Doctor saves boy with household drill
An Australian doctor saved the life of a 12-year-old boy - by using a household drill to bore into his brain after he had a bike accident.
The drama began when Nicholas Rossi fell off his bike in a cul-de-sac in Maryborough, Victoria, reports The Australian.
When he got home, Nicholas kept complaining of a headache and his mother, Karen, a trained nurse, took him to the district hospital where Dr Rob Carson, a local GP, was on duty.
The doctor kept him in for observation, and an hour later Nicholas began to drift in and out of consciousness and have spasms.
Dr Carson recognised it as a sign of internal bleeding in the skull that places acute pressure on the brain - the same condition that claimed the life of actress Natasha Richardson.
Nicholas's father Michael said: "Dr Carson came over to us and said, 'I am going to have to drill into Nicholas to relieve the pressure on the brain - we've got one shot at this and one shot only'."
The small country hospital was not equipped with neurological drills, so Dr Carson obtained a household De Walt drill, used for boring holes in wood, from a hospital maintenance room.

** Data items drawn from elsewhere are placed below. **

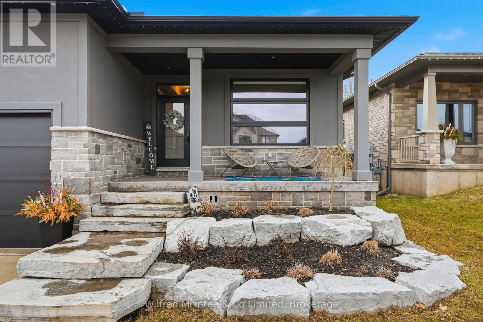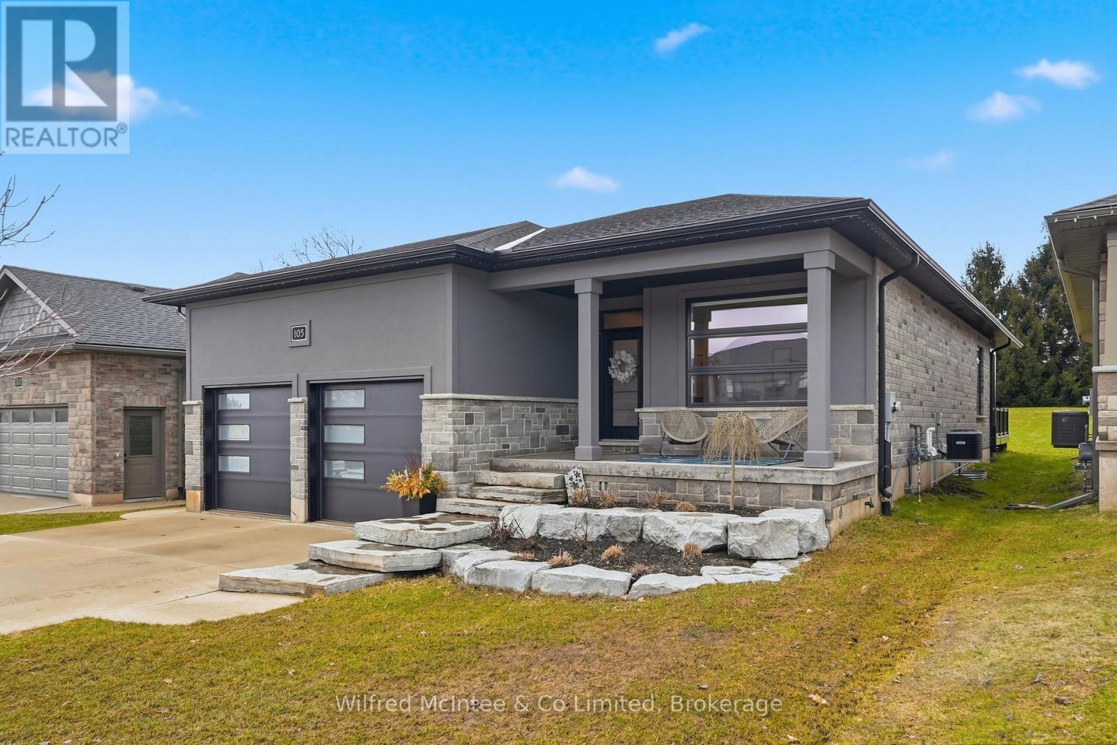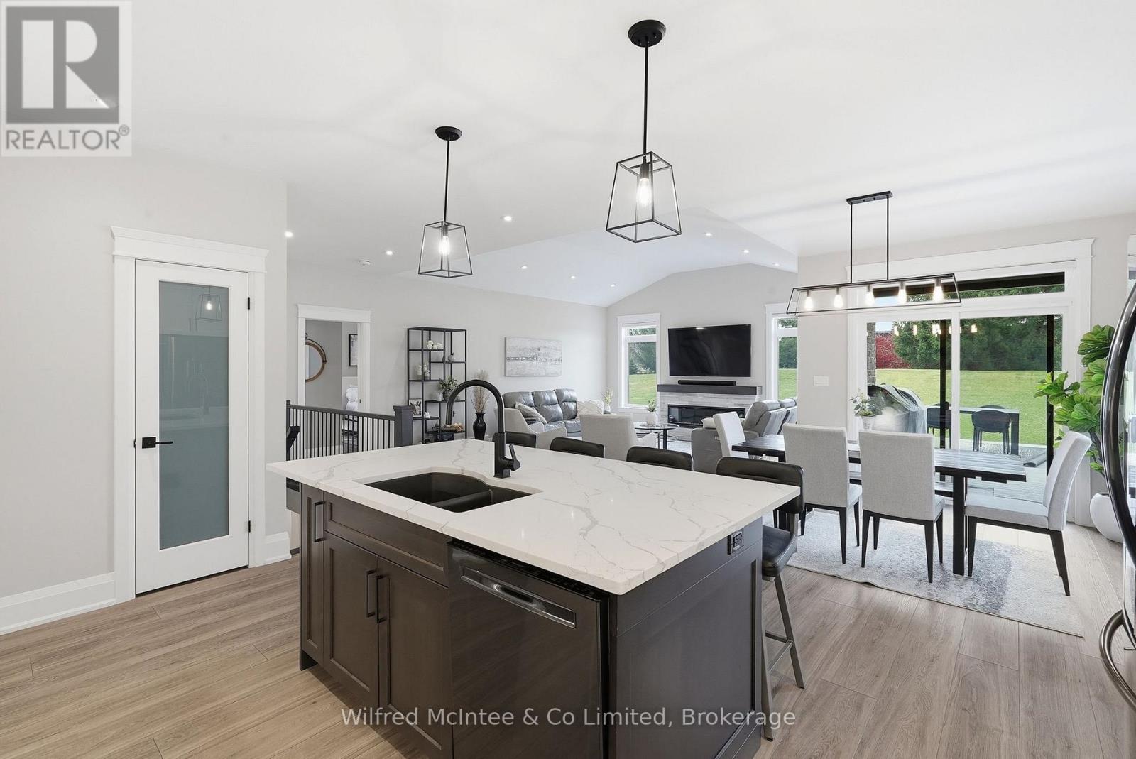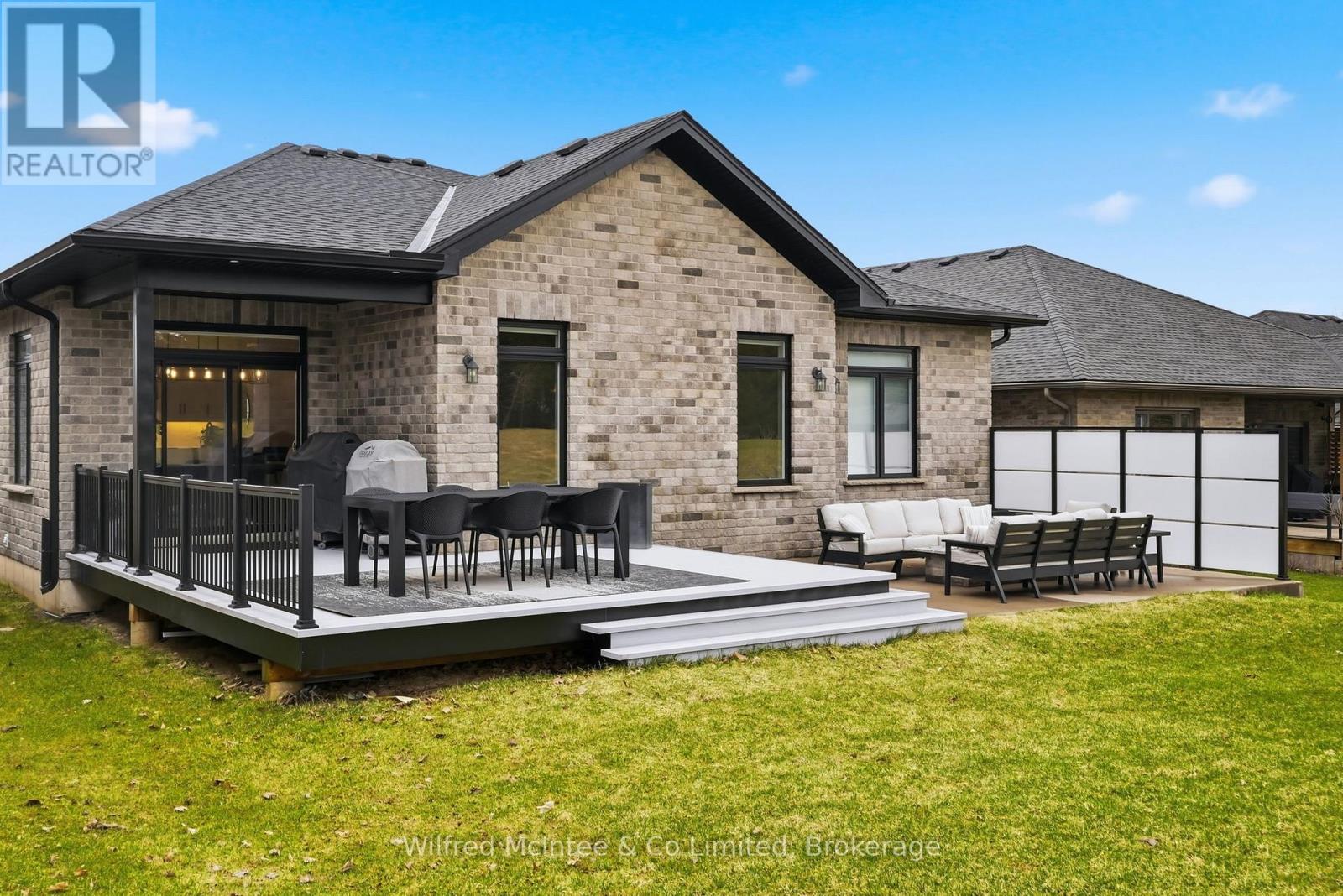 Welcome to 105 Fourth Street in Walkerton! This exquisite, magazine-worthy bungalow built in 2020 by the highly regarded Candue Homes is perfectly positioned on an exceptionally deep and private lot in one of Walkerton's most sought-after family-friendly neighborhoods. From the moment you enter this show-stopping residence, you're greeted by a bright, sophisticated interior defined by sleek lines, upscale finishes, and impeccable attention to detail. At the heart of the home is a chef-inspired, designer kitchen featuring stainless steel appliances, elegant white cabinetry, quartz countertops and breakfast bar. The adjoining dining area flows seamlessly to a low-maintenance aluminum deck, extending to a private patio oasis complete with a custom gas fire table topped in granite-ideal for relaxing evenings! The living room highlighted by a fireplace exudes warmth and sophistication. The main level also features a spacious bedroom with a walk-in closet, a beautifully finished 3-piece bath with a tiled shower, a convenient laundry room, and a grand primary suite boasting a spa-inspired ensuite and a stunning custom walk-in closet showcasing cutting-edge design and exceptional storage solutions. The fully finished lower level is equally impressive, offering an expansive and beautifully detailed family room, two additional well-appointed bedrooms, a gorgeous 4-piece bathroom, and a practical utility space. A convenient walk-up provides direct access to the heated double car garage, which is fully outfitted with premium Ribtrax flooring and built-in storage systems-delivering organization and versatility. Outside, the tastefully landscaped grounds are both elegant and low-maintenance. This exceptional property is a rare blend of modern luxury, thoughtful design, and effortless living-an absolute must-see in Walkerton. (id:64974)
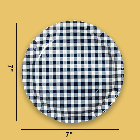 8 Ct. Navy Gingham Paper Dessert Plates 7" Rustic Party Checkered Plates
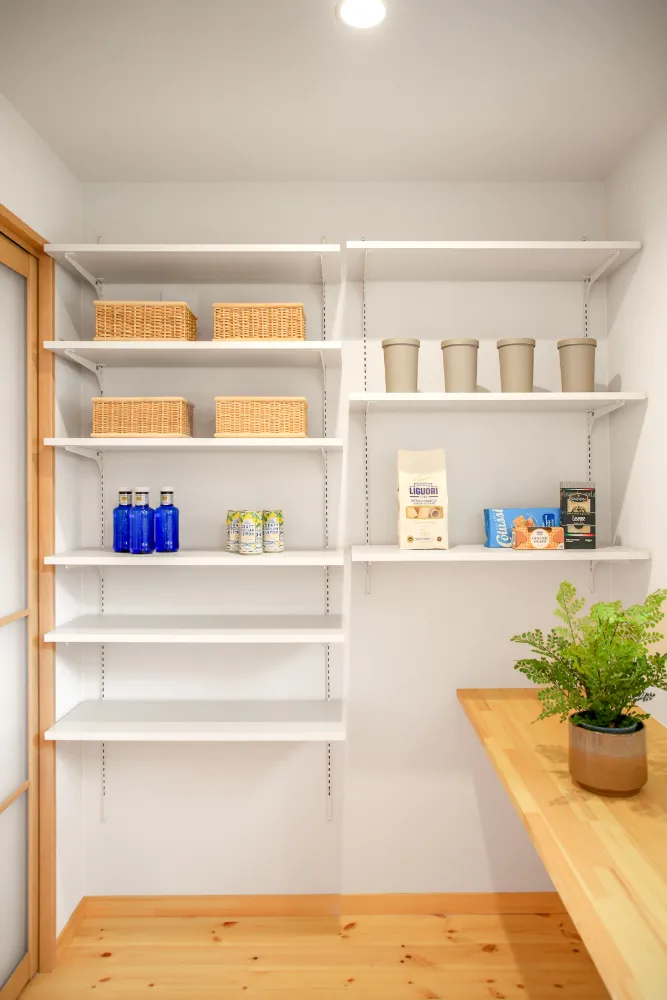 食品や日用品をたっぷりしまえる、2帖のゆったりパントリー。 可動棚だから、収納するものに合わせて自在に調整できます。
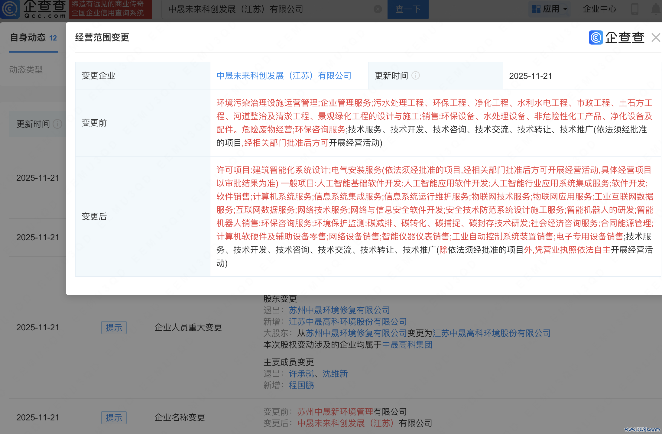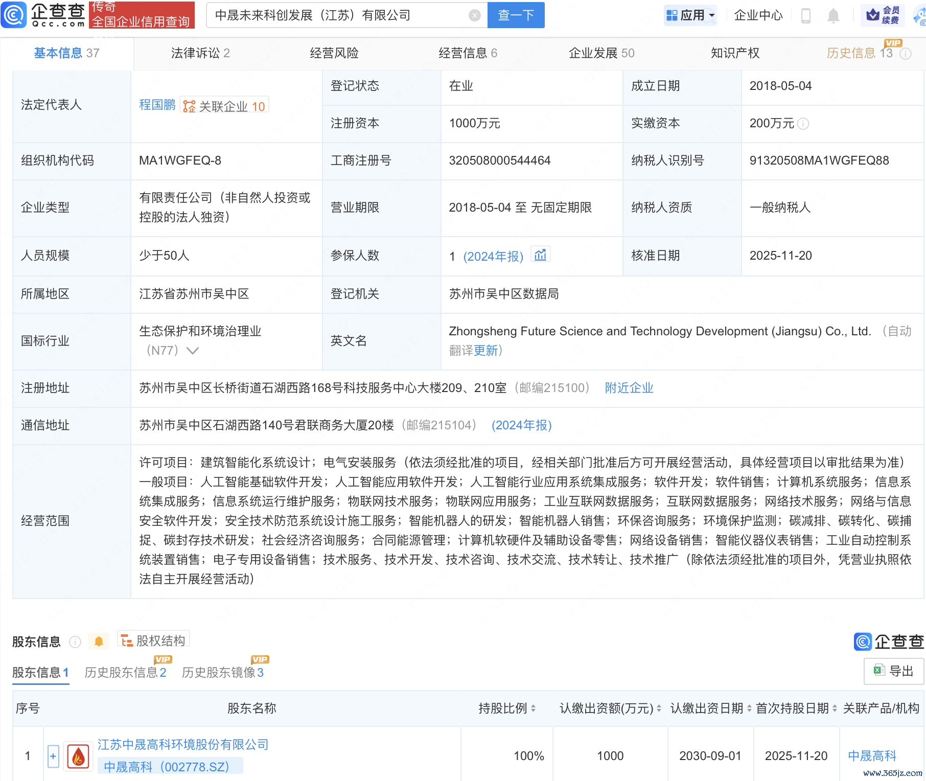 近日配股宝,原苏州中晟新环境管理有限公司发生工商变更,企业名称变更为中晟未来科创发展(江苏)有限公司,苏州中晟环境修复有限公司退出股东行列,新增中晟高科(002778)为全资股东。同时,公司经营范围变更为人工智能应用软件开发、人工智能行业应用系统集成服务、物联网技术服务、智能机器人的研发、智能机器人销售等。企查查信息显示,该公司成立于2018年,法定代表人为程国鹏。

He telephoned leading Melbourne neurosurgeon David Wallace to help talk him through the procedure, which he had never tried before.
Dr Carson drilled until a blood clot fell out and continued to treat Nicholas until he could be airlifted an hour later to Melbourne's Royal Children's Hospital.
"If you are in that situation you just do those things," he said. "It is not a personal achievement, it is just a part of the job and I had a very good team of people helping me."